**What you should do**: Two lines mark the range in the entries below: the one holding "Sonderfahrten in die Schweiz (Sommer 1935)" and the one holding "八王子市の学校給食で、髙尾の". Set down those two and all lines between them, exactly.

Source records

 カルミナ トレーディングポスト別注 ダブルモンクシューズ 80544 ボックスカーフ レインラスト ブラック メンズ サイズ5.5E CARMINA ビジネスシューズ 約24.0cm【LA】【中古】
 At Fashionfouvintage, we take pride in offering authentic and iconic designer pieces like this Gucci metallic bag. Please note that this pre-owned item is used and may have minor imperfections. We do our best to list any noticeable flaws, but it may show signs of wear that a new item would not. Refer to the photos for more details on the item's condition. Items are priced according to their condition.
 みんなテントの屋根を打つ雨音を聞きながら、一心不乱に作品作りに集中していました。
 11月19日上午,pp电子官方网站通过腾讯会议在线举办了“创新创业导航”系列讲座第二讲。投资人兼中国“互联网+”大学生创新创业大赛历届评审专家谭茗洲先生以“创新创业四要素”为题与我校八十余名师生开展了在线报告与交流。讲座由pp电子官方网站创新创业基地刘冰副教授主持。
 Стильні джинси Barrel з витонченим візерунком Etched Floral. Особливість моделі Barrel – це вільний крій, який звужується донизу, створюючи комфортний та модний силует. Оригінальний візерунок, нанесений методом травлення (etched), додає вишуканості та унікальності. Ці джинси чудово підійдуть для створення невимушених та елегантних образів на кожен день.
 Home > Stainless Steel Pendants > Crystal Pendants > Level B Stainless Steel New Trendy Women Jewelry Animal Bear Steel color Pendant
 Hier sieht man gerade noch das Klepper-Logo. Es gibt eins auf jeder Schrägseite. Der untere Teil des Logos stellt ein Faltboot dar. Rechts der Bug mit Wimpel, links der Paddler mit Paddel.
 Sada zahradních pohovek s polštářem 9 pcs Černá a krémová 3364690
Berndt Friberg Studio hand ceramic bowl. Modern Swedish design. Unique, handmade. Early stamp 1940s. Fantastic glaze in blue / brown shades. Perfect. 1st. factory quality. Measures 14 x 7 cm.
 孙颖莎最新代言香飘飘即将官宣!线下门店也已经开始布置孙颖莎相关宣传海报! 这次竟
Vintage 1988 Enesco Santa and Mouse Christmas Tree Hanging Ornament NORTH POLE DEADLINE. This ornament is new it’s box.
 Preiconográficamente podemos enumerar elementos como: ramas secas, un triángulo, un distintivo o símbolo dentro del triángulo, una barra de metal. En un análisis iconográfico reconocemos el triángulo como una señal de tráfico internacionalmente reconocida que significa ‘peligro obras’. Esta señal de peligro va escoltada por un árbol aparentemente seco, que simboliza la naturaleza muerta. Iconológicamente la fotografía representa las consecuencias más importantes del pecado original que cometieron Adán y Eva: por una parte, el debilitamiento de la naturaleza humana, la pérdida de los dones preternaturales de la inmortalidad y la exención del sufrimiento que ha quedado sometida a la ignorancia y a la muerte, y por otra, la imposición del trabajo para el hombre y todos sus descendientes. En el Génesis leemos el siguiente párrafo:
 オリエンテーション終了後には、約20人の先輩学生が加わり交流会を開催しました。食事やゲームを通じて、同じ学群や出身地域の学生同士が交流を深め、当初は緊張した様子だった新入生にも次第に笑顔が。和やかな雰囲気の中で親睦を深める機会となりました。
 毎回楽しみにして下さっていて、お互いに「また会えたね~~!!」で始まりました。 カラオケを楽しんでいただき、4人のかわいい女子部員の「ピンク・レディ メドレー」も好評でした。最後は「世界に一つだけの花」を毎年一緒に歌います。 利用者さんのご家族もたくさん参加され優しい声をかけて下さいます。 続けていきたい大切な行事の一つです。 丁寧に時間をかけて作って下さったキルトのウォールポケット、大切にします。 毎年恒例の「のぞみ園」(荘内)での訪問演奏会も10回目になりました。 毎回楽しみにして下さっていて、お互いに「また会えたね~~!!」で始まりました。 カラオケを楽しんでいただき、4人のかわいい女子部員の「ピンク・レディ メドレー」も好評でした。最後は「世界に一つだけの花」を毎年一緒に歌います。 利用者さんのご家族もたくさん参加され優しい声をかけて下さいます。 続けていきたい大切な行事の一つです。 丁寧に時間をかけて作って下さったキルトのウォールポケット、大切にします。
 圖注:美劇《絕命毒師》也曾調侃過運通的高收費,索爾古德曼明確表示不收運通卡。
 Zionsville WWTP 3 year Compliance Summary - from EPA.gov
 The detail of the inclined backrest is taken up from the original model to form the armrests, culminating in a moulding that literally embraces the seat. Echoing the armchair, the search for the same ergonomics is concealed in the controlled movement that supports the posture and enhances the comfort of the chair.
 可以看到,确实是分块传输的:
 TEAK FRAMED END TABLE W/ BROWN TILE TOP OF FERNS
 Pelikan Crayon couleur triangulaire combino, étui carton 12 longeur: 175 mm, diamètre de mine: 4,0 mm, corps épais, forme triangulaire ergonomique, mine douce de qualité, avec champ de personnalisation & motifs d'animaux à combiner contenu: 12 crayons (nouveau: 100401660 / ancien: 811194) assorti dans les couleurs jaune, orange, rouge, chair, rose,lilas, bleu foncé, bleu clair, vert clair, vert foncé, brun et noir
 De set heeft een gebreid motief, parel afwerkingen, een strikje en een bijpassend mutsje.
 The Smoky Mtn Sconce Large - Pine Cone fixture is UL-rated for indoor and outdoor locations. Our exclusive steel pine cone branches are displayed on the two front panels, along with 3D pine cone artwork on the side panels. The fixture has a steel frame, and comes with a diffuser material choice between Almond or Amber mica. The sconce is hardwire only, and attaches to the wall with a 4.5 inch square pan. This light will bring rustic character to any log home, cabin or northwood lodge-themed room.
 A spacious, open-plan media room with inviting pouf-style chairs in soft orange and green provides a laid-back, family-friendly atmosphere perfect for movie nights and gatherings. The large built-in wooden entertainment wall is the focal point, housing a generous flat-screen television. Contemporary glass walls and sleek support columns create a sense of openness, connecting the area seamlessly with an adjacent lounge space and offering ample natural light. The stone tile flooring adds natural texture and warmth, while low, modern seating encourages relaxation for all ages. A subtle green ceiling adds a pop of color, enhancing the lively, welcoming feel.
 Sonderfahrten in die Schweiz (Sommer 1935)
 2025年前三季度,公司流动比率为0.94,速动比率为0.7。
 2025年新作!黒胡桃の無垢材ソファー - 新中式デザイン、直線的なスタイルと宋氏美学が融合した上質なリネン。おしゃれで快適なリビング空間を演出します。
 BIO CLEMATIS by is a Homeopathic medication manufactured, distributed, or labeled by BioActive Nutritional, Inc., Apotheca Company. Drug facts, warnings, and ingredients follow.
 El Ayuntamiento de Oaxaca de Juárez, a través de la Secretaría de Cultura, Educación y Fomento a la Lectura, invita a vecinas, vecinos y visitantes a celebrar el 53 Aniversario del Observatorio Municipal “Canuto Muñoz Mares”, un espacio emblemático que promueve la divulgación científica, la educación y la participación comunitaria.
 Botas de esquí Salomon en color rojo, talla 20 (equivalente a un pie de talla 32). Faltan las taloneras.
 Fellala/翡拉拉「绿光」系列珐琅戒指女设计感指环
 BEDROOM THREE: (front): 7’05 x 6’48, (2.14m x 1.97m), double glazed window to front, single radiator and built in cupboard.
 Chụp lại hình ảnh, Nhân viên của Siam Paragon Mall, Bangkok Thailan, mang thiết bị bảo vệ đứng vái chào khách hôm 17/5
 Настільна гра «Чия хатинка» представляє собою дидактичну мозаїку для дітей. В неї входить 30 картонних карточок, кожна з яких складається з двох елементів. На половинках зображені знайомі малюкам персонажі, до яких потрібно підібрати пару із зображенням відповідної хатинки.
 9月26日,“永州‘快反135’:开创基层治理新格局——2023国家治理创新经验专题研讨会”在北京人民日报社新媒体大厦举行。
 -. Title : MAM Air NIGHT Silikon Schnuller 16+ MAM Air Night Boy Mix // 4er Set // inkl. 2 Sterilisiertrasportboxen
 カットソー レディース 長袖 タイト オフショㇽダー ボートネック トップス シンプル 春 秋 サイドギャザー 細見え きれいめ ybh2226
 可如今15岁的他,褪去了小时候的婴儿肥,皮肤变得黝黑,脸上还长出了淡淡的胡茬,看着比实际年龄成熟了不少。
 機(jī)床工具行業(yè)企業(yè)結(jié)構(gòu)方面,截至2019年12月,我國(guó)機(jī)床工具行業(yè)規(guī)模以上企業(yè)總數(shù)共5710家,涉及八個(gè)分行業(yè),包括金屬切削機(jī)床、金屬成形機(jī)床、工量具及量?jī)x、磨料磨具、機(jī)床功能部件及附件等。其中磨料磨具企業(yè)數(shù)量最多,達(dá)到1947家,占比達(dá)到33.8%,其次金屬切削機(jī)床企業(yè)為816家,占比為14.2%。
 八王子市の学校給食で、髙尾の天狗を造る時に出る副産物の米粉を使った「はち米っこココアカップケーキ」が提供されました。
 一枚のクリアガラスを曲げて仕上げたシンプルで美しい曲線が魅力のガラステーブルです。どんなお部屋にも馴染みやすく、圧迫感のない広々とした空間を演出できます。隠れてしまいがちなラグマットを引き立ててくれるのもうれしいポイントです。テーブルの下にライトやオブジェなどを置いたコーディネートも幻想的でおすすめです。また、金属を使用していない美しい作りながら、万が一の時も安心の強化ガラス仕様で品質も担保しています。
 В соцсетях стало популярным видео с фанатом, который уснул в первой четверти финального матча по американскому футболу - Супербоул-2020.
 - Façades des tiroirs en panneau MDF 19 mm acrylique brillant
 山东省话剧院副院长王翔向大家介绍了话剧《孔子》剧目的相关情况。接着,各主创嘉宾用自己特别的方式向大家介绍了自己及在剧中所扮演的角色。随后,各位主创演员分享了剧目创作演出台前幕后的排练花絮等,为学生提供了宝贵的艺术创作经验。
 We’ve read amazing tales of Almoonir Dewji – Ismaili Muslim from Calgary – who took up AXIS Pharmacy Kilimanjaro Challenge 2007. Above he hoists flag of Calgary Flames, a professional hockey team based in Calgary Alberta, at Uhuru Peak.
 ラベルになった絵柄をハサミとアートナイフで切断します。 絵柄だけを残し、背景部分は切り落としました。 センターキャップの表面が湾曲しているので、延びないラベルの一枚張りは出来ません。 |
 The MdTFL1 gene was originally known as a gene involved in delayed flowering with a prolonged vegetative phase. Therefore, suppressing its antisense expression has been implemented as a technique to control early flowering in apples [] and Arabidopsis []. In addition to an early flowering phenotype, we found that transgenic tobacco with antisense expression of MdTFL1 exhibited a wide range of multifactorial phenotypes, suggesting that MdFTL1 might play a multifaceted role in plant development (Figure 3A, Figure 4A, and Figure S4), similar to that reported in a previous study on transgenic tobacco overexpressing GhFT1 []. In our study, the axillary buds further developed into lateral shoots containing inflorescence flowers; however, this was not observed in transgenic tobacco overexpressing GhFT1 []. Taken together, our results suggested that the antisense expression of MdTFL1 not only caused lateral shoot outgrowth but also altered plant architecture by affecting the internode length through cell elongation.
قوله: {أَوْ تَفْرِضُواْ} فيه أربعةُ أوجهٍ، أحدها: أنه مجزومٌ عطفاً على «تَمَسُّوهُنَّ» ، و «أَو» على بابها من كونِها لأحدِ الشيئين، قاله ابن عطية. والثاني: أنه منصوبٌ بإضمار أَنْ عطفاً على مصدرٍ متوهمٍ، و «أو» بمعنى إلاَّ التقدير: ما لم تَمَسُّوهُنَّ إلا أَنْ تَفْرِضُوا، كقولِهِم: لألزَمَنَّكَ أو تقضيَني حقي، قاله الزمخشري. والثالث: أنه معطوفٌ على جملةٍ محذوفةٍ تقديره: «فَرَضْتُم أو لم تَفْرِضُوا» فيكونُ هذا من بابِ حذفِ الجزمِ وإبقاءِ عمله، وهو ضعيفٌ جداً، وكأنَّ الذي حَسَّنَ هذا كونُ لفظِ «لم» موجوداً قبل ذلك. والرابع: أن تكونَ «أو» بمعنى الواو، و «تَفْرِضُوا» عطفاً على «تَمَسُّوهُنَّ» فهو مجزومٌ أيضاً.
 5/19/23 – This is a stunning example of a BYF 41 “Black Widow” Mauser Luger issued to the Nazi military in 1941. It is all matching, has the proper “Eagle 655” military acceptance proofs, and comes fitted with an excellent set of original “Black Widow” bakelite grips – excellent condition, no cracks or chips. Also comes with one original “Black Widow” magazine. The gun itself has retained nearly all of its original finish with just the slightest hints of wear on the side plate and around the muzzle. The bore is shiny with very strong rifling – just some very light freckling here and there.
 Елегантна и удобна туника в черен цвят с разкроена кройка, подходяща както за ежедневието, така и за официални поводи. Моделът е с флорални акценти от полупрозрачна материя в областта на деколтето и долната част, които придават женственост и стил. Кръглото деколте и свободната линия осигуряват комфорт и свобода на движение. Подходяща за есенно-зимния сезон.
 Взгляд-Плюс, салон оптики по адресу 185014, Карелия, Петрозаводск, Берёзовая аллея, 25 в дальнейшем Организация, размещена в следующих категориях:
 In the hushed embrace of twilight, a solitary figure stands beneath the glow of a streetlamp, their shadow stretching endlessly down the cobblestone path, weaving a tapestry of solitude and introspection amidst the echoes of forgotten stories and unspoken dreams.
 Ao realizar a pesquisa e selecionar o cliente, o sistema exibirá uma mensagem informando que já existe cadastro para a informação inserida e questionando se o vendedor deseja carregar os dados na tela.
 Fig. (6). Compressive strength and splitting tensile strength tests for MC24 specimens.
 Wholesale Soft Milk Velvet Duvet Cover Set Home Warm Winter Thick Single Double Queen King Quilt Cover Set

**Your solution**:
 Sonderfahrten in die Schweiz (Sommer 1935)
 2025年前三季度,公司流动比率为0.94,速动比率为0.7。
 2025年新作!黒胡桃の無垢材ソファー - 新中式デザイン、直線的なスタイルと宋氏美学が融合した上質なリネン。おしゃれで快適なリビング空間を演出します。
 BIO CLEMATIS by is a Homeopathic medication manufactured, distributed, or labeled by BioActive Nutritional, Inc., Apotheca Company. Drug facts, warnings, and ingredients follow.
 El Ayuntamiento de Oaxaca de Juárez, a través de la Secretaría de Cultura, Educación y Fomento a la Lectura, invita a vecinas, vecinos y visitantes a celebrar el 53 Aniversario del Observatorio Municipal “Canuto Muñoz Mares”, un espacio emblemático que promueve la divulgación científica, la educación y la participación comunitaria.
 Botas de esquí Salomon en color rojo, talla 20 (equivalente a un pie de talla 32). Faltan las taloneras.
 Fellala/翡拉拉「绿光」系列珐琅戒指女设计感指环
 BEDROOM THREE: (front): 7’05 x 6’48, (2.14m x 1.97m), double glazed window to front, single radiator and built in cupboard.
 Chụp lại hình ảnh, Nhân viên của Siam Paragon Mall, Bangkok Thailan, mang thiết bị bảo vệ đứng vái chào khách hôm 17/5
 Настільна гра «Чия хатинка» представляє собою дидактичну мозаїку для дітей. В неї входить 30 картонних карточок, кожна з яких складається з двох елементів. На половинках зображені знайомі малюкам персонажі, до яких потрібно підібрати пару із зображенням відповідної хатинки.
 9月26日,“永州‘快反135’:开创基层治理新格局——2023国家治理创新经验专题研讨会”在北京人民日报社新媒体大厦举行。
 -. Title : MAM Air NIGHT Silikon Schnuller 16+ MAM Air Night Boy Mix // 4er Set // inkl. 2 Sterilisiertrasportboxen
 カットソー レディース 長袖 タイト オフショㇽダー ボートネック トップス シンプル 春 秋 サイドギャザー 細見え きれいめ ybh2226
 可如今15岁的他,褪去了小时候的婴儿肥,皮肤变得黝黑,脸上还长出了淡淡的胡茬,看着比实际年龄成熟了不少。
 機(jī)床工具行業(yè)企業(yè)結(jié)構(gòu)方面,截至2019年12月,我國(guó)機(jī)床工具行業(yè)規(guī)模以上企業(yè)總數(shù)共5710家,涉及八個(gè)分行業(yè),包括金屬切削機(jī)床、金屬成形機(jī)床、工量具及量?jī)x、磨料磨具、機(jī)床功能部件及附件等。其中磨料磨具企業(yè)數(shù)量最多,達(dá)到1947家,占比達(dá)到33.8%,其次金屬切削機(jī)床企業(yè)為816家,占比為14.2%。
 八王子市の学校給食で、髙尾の天狗を造る時に出る副産物の米粉を使った「はち米っこココアカップケーキ」が提供されました。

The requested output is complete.